Luxury buyers in Russia and Eastern Europe have been the hardest to drive to the stores, yet declines in most segments have only been in the order of 10-15% in the region. According to CPP Management Consultants, the period February-May showed the decreases in key areas being as low as 5%. Asia has held steady. In fact, analysts believe most of the growth ahead will come from the BRIC countries (Brazil, Russia, India and China). According to Bain and Co. Brazil and China will be the two fastest growing markets through 2010.
So as the luxury market treads water, manufacturers face a dilemma. Their most precious resources are designers and craftsmen, on whom they depend to design and craft their high margin, Made-in-France and Made-in-Italy products. As the CEO of a luxury goods manufacturer, do you decided to cut expenditure like most companies do during crisis times and risk depleting the very resource you have spent years building up? Designers with the right touch, taste and target-market-empathy are hard to find, and the artisans crafting the goods often take years to learn the trade.

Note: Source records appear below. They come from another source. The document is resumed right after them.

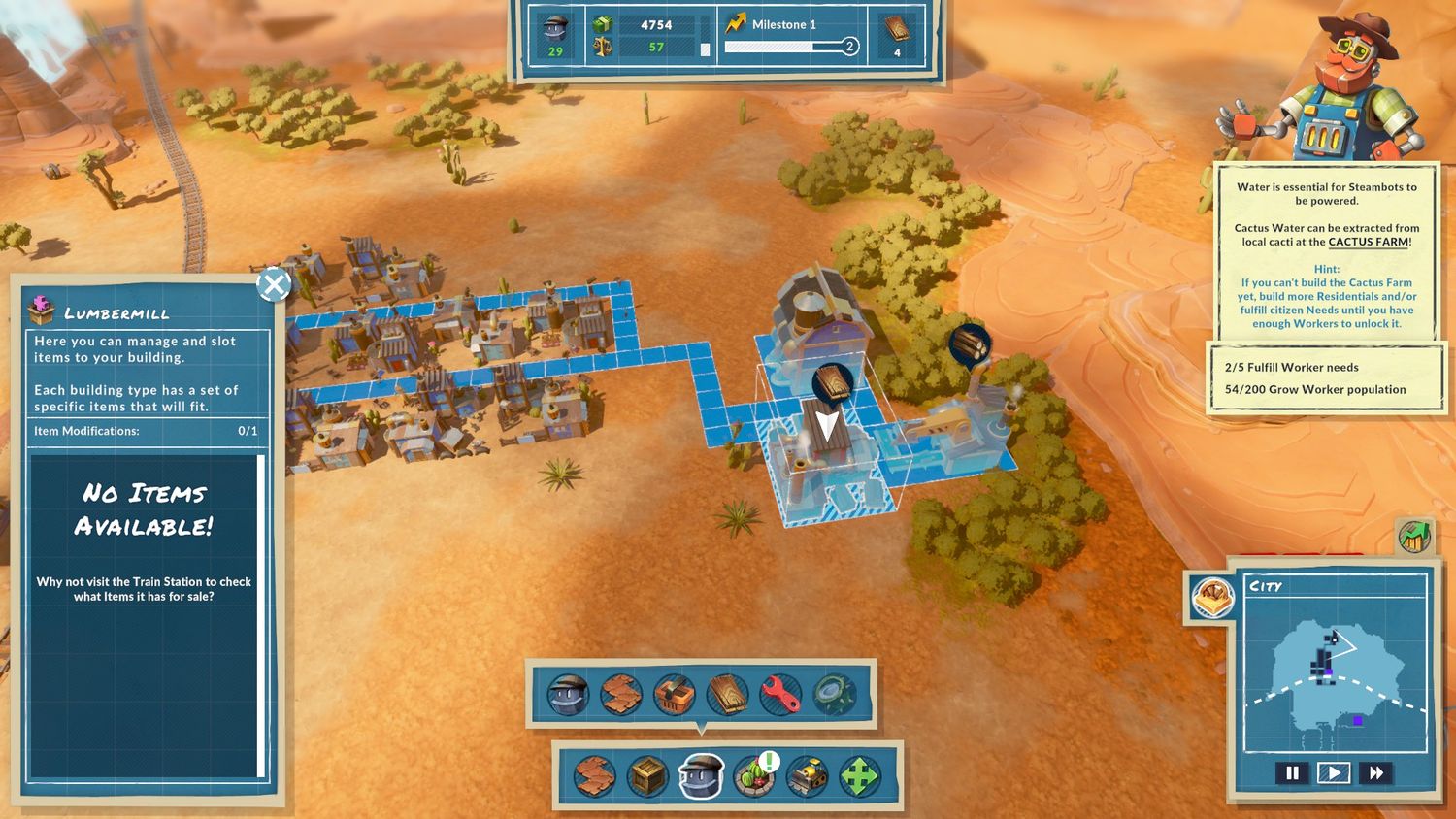 “/> Construcción de SteamWorld coloca a los jugadores en un planeta desértico en rápido deterioro inspirado en el Salvaje Oeste. A medida que se expandan, se descubrirán reliquias de tecnología antigua: piezas de un cohete que, una vez terminado, permitirá a la civilización escapar y construir una nueva vida en algún lugar más hospitalario. Para progresar, se deben alcanzar ciertos hitos basados en la población; Para atraer a nuevos ciudadanos a mudarse a la ciudad, será necesario construir ciertos alojamientos, como talleres de reparación y almacenes generales, todos los cuales se vinculan a un sistema global de cadena de suministro.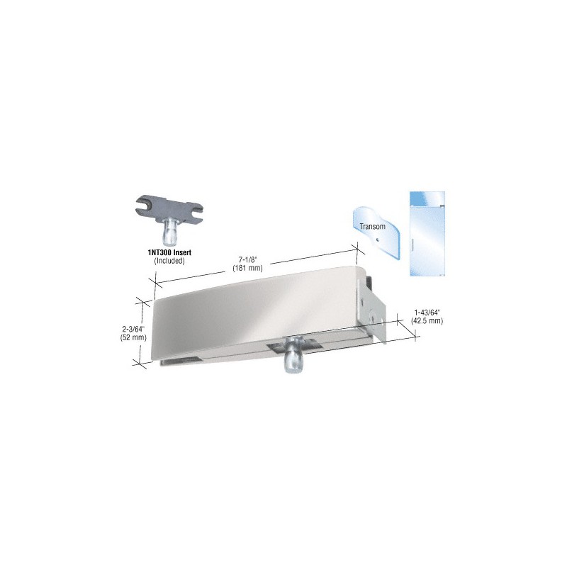 Cette plaque de suspension d'imposte incurvée CRL à fixation murale permet de supporter une imposte au niveau de l'huisserie latérale. Elle est livrée avec un tampon supérieur 1NT303 dans le cadre d'une fixation sur porte. Retirez le tampon du côté sans charnière pour créer une porte à deux vantaux va-et-vient. Utiliser un tampon de butée de porte pour plaque de suspension d'imposte 1NT306 afin de créer une porte à sens unique. Façonnage du verre : un orifice de 19 mm (3/4 po) de diamètre et une encoche d'angle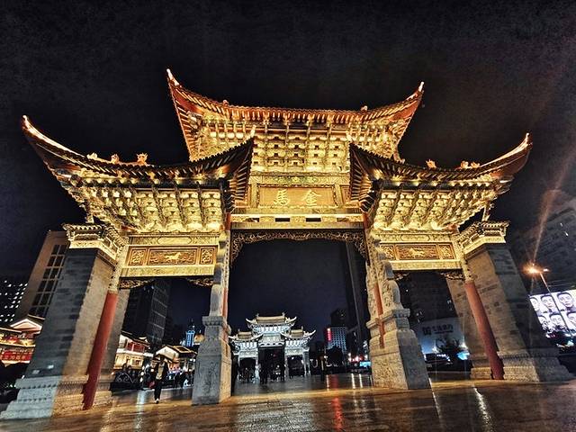 夜晚的1903的大门在黑暗中blingbling的闪耀着~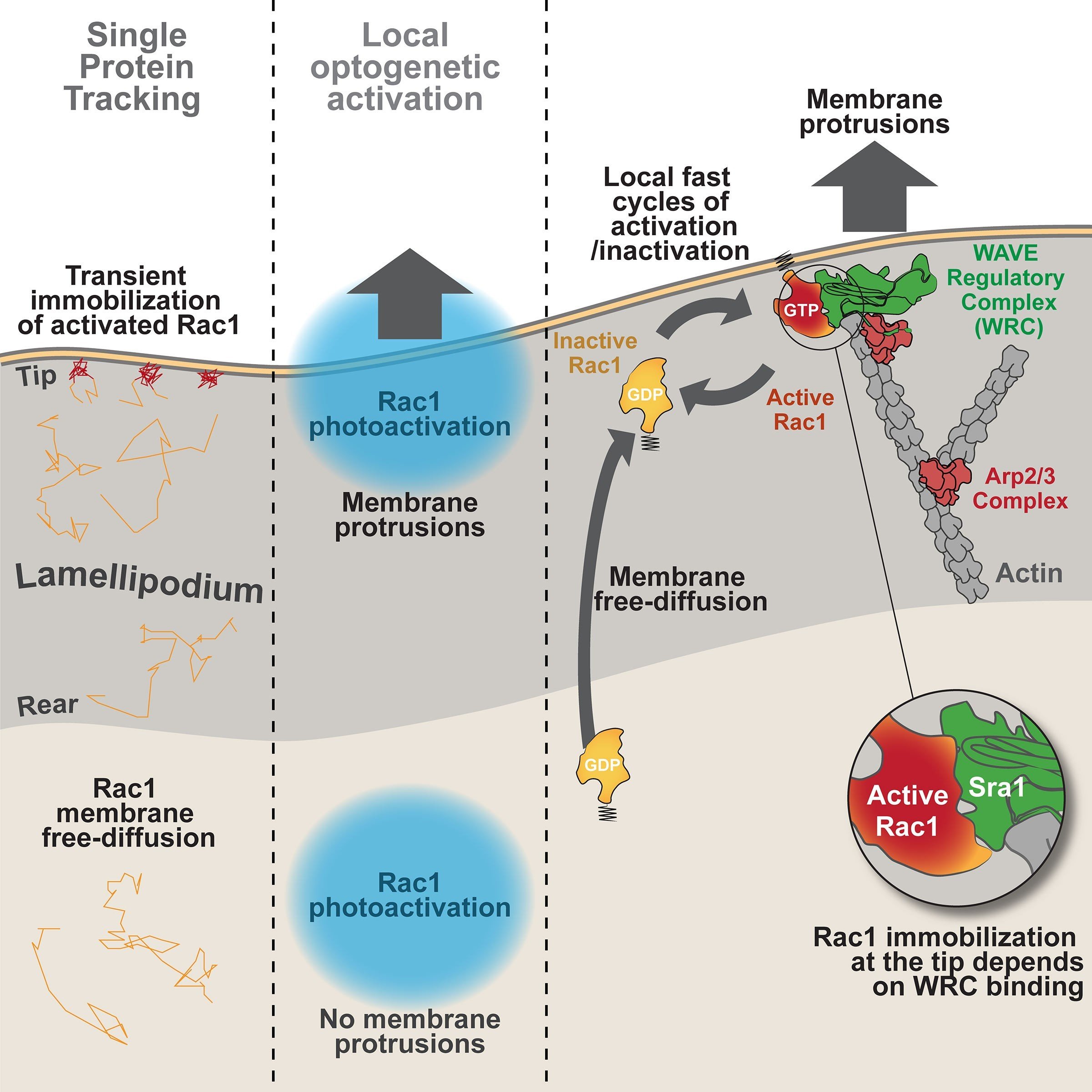 Transient Activations of Rac1 at the Lamellipodium Tip Trigger Membrane Protrusion ; Amine Mehidi, Olivier Rossier, Matthias Schaks, Anaël Chazeau, Fabien Biname, Amanda Remorino, Mathieu Coppey, Zeynep Karatas, Jean-Baptiste Sibarita, Klemens Rottner, Violaine Moreau, Grégory Giannone. Current Biology, Volume 29, ISSUE 17, P2852-2866.e5, September 09, 2019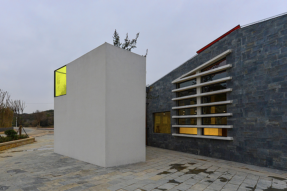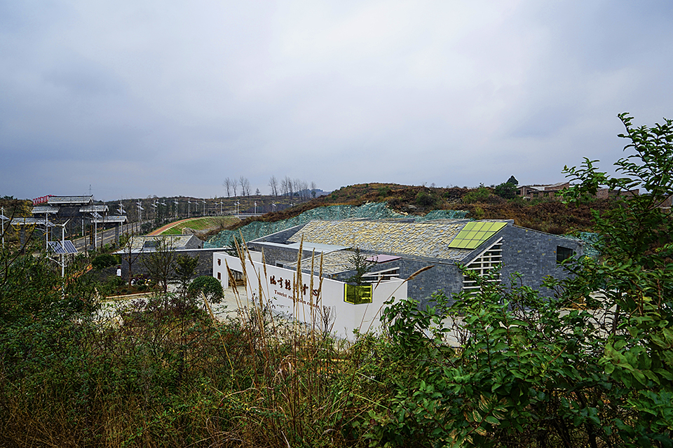 The village is built along the mountains, with houses arranged in stepped terraces that follow the natural terrain. The visitor center continues this architectural pattern while incorporating three typical spatial forms of CheTian Village: “White Courtyard,” “Stone Alley,” and “Stone Hall.”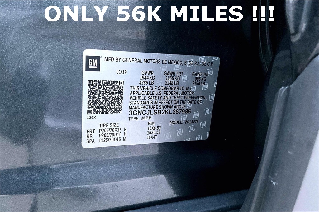 VIN: 3GNCJLSB2KL267986 | Stock #: 267986A | Mileage: 56,976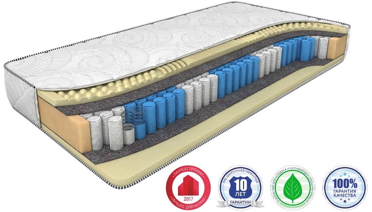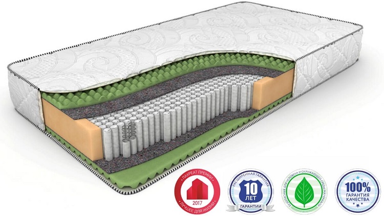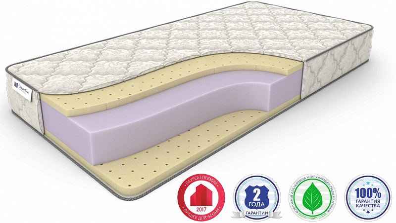 En la producción de este modelo se utiliza látex artificial, fibra de coco. El producto se basa en un monobloque de espuma de poliuretano. Se suministra en una funda de jacquard de algodón con acolchado de capas de hallcon.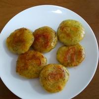 青のりの代わりに明太子を入れました!水分があまりなかったので、めんつゆを少し入れて、焼くときも少し足しました♩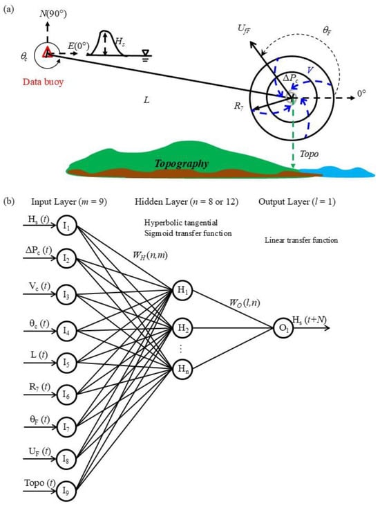 (a) Sketch of effective controlling parameters for typhoon wave prediction; (b) architecture of the back-propagation neural network.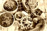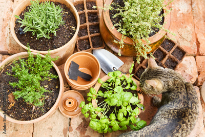 Cat exploring garden with potted herbs and gardening tools on brick patio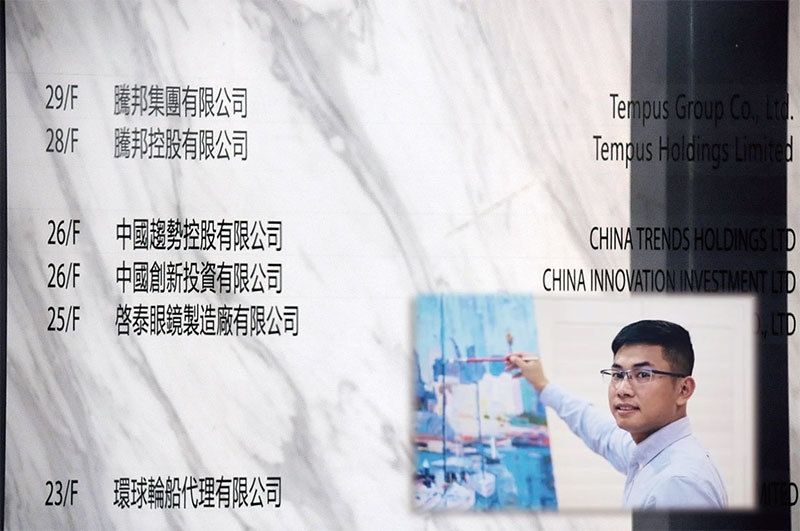 主修油畫的王立強,意外的進入香港公司中國創新投資有限公司。底圖為中國創新投資在香港大樓內的樓層指示。(中央社)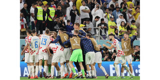 roatia players celebrate as they win the Qatar 2022 World Cup quarter-final football match between Croatia and Brazil at Education City Stadium in Al-Rayyan, west of Doha, on December 9, 2022.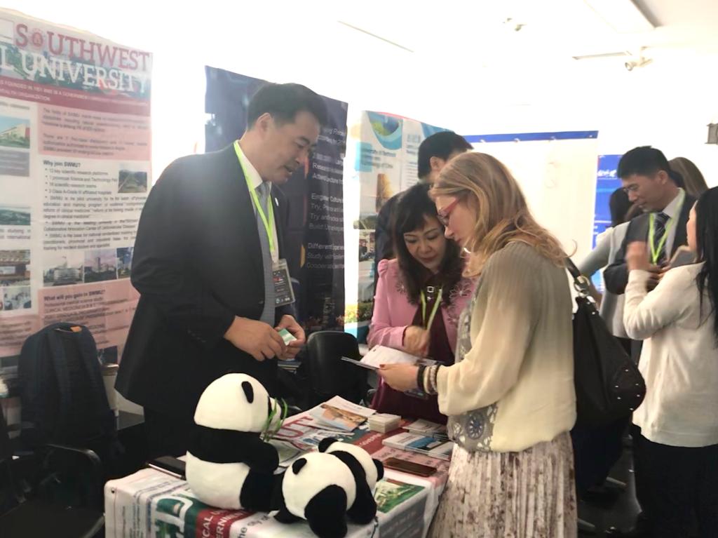 10月13日至14日,我校及全国参展高校与来自美国、德国和法国等国的教育机构一同参加了分别在莫斯科和圣彼得堡举行的第32届俄罗斯国际教育展。参加本次展会的高校类型不同,学科层次多样。各高校在中心会场举行了相关学校宣讲会,为有意咨询者提供更为直观、深入的了解渠道。我校代表团在展会期间向前来咨询的学生详细地介绍了学校的学科特色、招生录取政策、奖学金情况和留学生短期汉语和中医等项目,并结合每个咨询学生的实际情况推荐适合的留学项目。

It is doubtful that Brazil and China will provide enough growth to offset the declines in Eastern Europe and Russia during the next 24 months, so luxury companies face pressure from shareholders who are increasingly allergic to companies that do not take decisive measures to cut cost during crisis times.
I believe the hardest hit will be the mid-sized, public luxury goods companies, who don't have the resources, geographic coverage or multi-brand focus to sustain themselves though the crisis. Larger, multi-brand groups like Richemont, Hermes, LVMH and PPR can seek cover through managing dozens of brands each and though already being well established throughout the BRIC countries.
The multi-brand groups seem to be adopting a strategy of holding onto their designers and artisans, betting on retaining capacity for when the crisis is over. "We currently have a hiring freeze, except for craftsmen and new store employees," Hermes Chief Executive Patrick Thomas told the Reuters Global Luxury Summit in Paris in May. Hermes Group grew 1H/09 revenues to €875 million up from €813 million during the same period in 2008, mainly caused by growth in leathergoods offsetting declines in most other categories. In fact, this year alone Hermes will start training 50-100 new craftsmen to gear up ahead of the competition for when the crisis starts blowing over.
Some smaller manufacturers are seeing the opportunity. Swiss watchmaker Parmigiani Fleurier, who makes watches averaging $45,000, emphasizes the difficulty in recruiting new staff to join their 600-strong Swiss-based craftsmen team. To Reuters, Chief Executive Jean-Marc Jacot said: "The young generation are not keen to work with their hands. They prefer to work with the laptop!"